Cureus | Read the latest story in our Blog

Read the latest story in our Blog

Jan 28, 2020 | NEWS

 

Check out the latest blog post from Cureus Editor-in-Chief, John Adler. If you'd like to leave a comment for Dr. Adler, please click here to comment on the post itself.

Is it Time to Pull Back the Curtain from Peer Review?

John R. Adler, Jr., M.D. - December 13, 2019

Double-blind and single-blind processes continue to dominate academic peer review. Too often this results in a ‘black box’ – a system without sufficient transparency for authors, readers and reviewers alike. Hopefully one day fully transparent (and even public) peer review will come to be seen as acceptable throughout the world of academic publishing. For now we must take small steps to break down this barrier, just as Cureus works to break down barriers to publication.

That’s why Cureus provides authors with the ability to reach out directly to invited peer reviewers with a personal message before peer review begins.

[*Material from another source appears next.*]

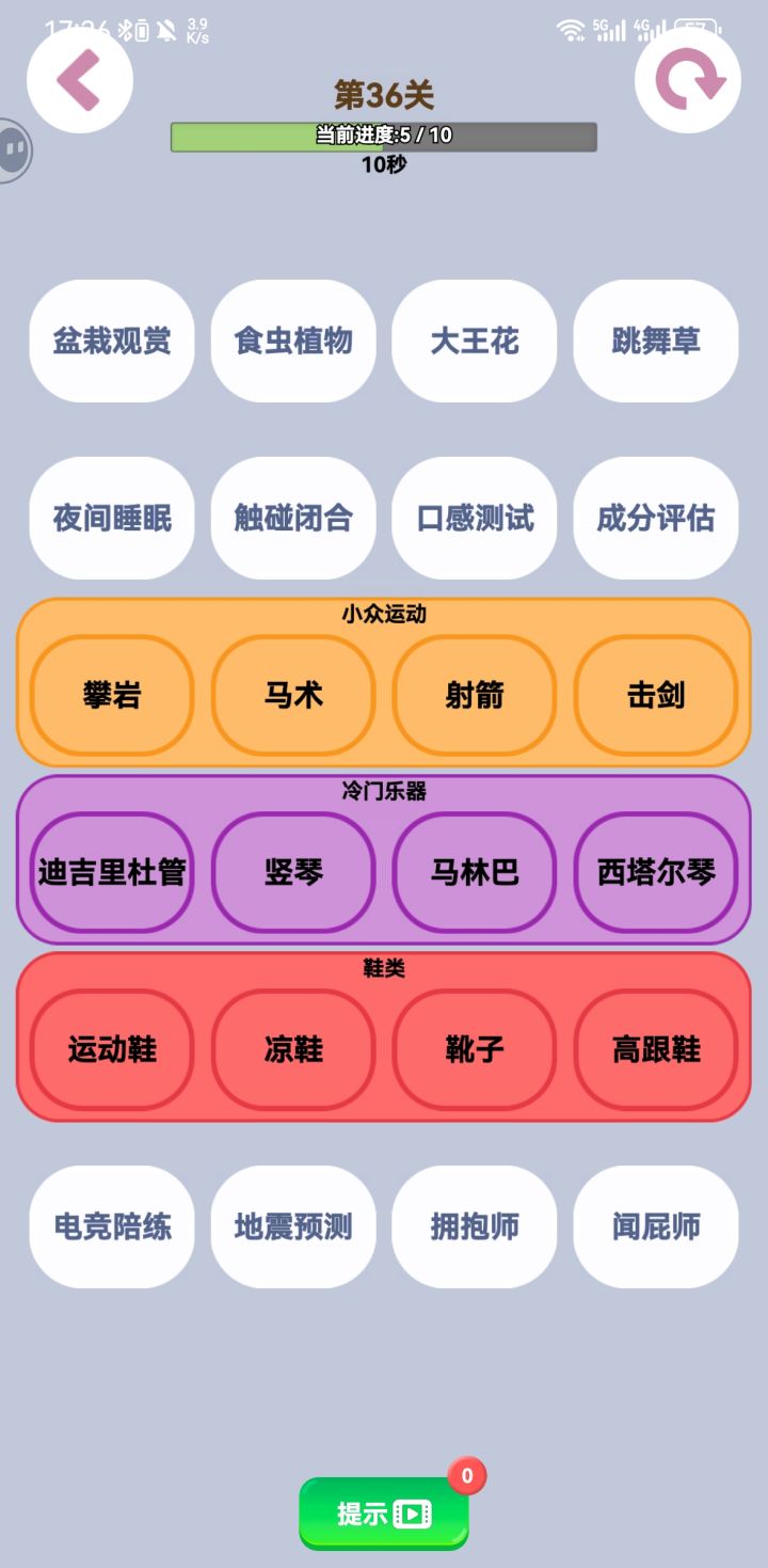 词语分类49我之前都通关了,然后又让我玩一次,分类到专业的完全不懂到底怎么分的。就单纯是让看广告!已经想卸载了!其他的类型就有时候卡卡卡的

Yes it is quite unorthodox for an author to make a personal plea to reviewers to complete expeditious reviews, so why do we seek to encourage it?

  1. A personal request is at some level harder to ignore, and therefore more effectively motivates reviewers and speeds up the process, than a request coming from a “faceless” journal.

  2. The author is blinded to the exact reviewer panel as each author is expected to invite at least five reviewers and the editorial team invites a similar number of other reviewers. With this many “potential” reviewers, it is easy to argue that the author will never be exactly sure who reviewed their article, so in effect, authors are blind to the exact reviewer’s name.

  3. Cureus still believes and hopes someday to validate that it is not the primary review process that ensures article quality but the secondary review, ala SIQ, which should therefore be deemed the best arbiter of quality, and this is a feature that other journals lack.

These rationale may be less than perfect, but they summarize our current thinking, yet as we all know, there isn’t a perfect journal or system for peer review.